In recent years, from the viewpoint of rationalization of agriculture, the number of healthy seedlings, rather than seeds, has been increasing. In the production of seedlings, the present invention is extremely important and valuable in controlling the growth of seedling production plants, because controlling the growth of seedlings appropriately increases the commercial value. In Japan, there are many greenhouses (generally vinyl greenhouses), and for the purpose of controlling plant elongation,
The resin film of the present invention is an excellent material that is inexpensive and hassle-free. In particular, if the polymer coating material of the present invention can be movably superposed and set on a conventional greenhouse, it is very possible to control the growth degree to match the purpose when the growth is too fast. It's easy. Leafy vegetables,
The present invention is extremely valuable from the viewpoint of high quality and labor saving in institutional cultivation of fruit vegetables, root vegetables, various ornamental plants and fruit trees.
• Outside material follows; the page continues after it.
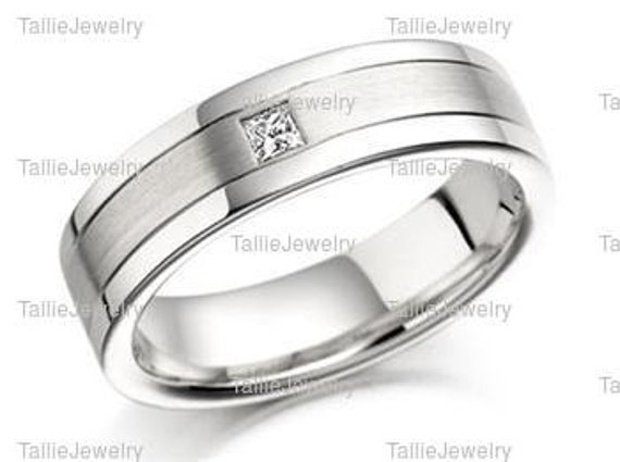 Solitaire Princess Diamond Mens Wedding Band Matt Brushed Ring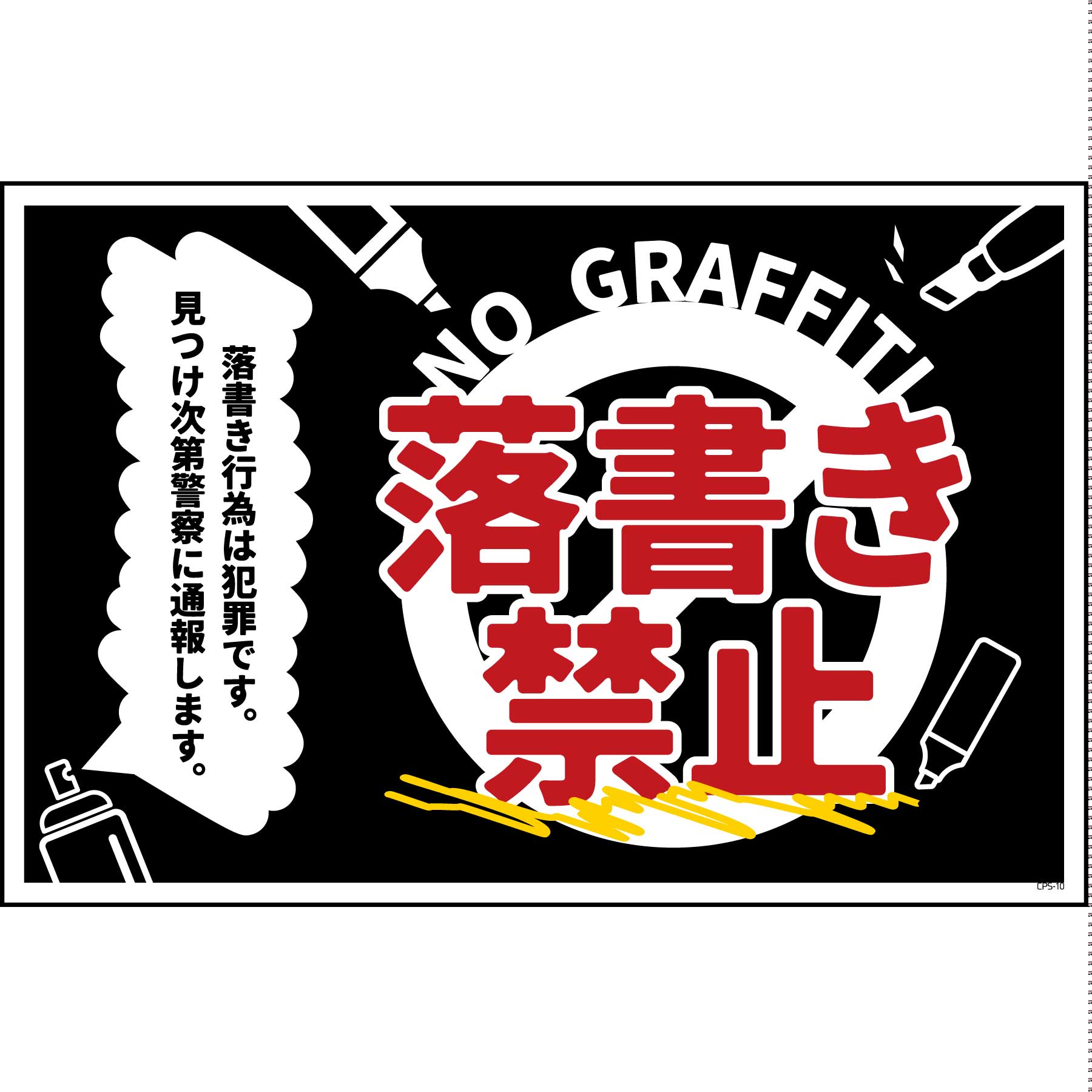 防犯標識 CPS-W10_450×300 落書き禁止 黒

Front page continuation (72) Keisuke Soma Inventor Mitsui Toatsu Chemical Co., Ltd. 1190 Kasama-cho, Sakae-ku, Yokohama-shi, Kanagawa

Claims (6)

[Claims] 1. A maximum absorption wavelength (λ) at 700 to 900 nm.
containing at least one phthalocyanine compound and/or naphthalocyanine compound having a _max. ) of 5 or more and having a photosynthetic effective photon flux (PPF) transmittance of 5 when transmitting light.
A coating material for suppressing plant growth, which is 0% or more and has an A value represented by the following formula of 1.3 or more. A=R/Fr [In the formula, R is a photon flux of red light of 600 to 700 nm, and Fr is a photon flux of far red light of 700 to 800 nm] 2. The plant growth suppressing agent according to claim 1, wherein the phthalocyanine compound is a compound represented by the following general formula (1) (formula 1) and the naphthalocyanine compound is a compound represented by the following general formula (2) (formula 2). Coating material. [Chemical 1] [In the formula, A ^{1 to} A ¹⁶ are each independently a hydrogen atom, a halogen atom, a hydroxyl group, an amino group, a hydroxysulfonyl group,
Aminosulfonyl group, or a carbon atom which may contain a nitrogen atom, a sulfur atom, an oxygen atom or a halogen atom 1
~ 20 substituents, A ¹ , A ⁴ , A ⁵ , A ⁸ ,
At least four of A ⁹ , A ¹² , A ¹³ and A ¹⁶ are an alkoxy group having 1 to 20 carbon atoms, an aryloxy group, an alkylthio group, an arylthio group, an alkylamino group or an arylamino group. M is a divalent metal atom, trivalent or 4
It represents a valent substituted metal atom or an oxymetal. ] [Chemical 2] [In the formula, B ^{1 to} B ²⁴ are each independently a hydrogen atom, a halogen atom, a hydroxyl group, an amino group, a hydroxysulfonyl group,
Aminosulfonyl group or 1 to 2 carbon atoms which may contain a nitrogen atom, a sulfur atom, an oxygen atom or a halogen atom.
Represents a substituent of 0 and represents B ¹ , B ⁶ , B ⁷ , B ¹² , B ¹³ , B
^At least four of ¹⁸ , B ¹⁹ and B ²⁴ are hydrogen atoms, halogen atoms, alkyl groups or aryl groups. M is 2
It represents a valent metal atom, a trivalent or tetravalent substituted metal atom, or an oxymetal. ] 3. In the general formula (1), A ¹ , A ⁴ ,
The coating material for suppressing plant growth according to claim 2, wherein all of A ⁵ , A ⁸ , A ⁹ , A ¹² , A ¹³ , and A ¹⁶ are substituted or unsubstituted alkoxy groups. 4. In the general formula (2), B ¹ , B ⁶ ,
The coating material for suppressing plant growth according to claim 2, wherein all of B ⁷ , B ¹² , B ¹³ , B ¹⁸ , B ¹⁹ , and B ²⁴ are hydrogen atoms. 5. The plant growth suppressing coating material according to claim 2, wherein M is Cu, Pd, AlCl, TiO, or VO. 6. A PPF transmittance of 65% or more, and A
The coating material for suppressing plant growth according to any one of claims 1 to 5, which has a value of 1.3 or more.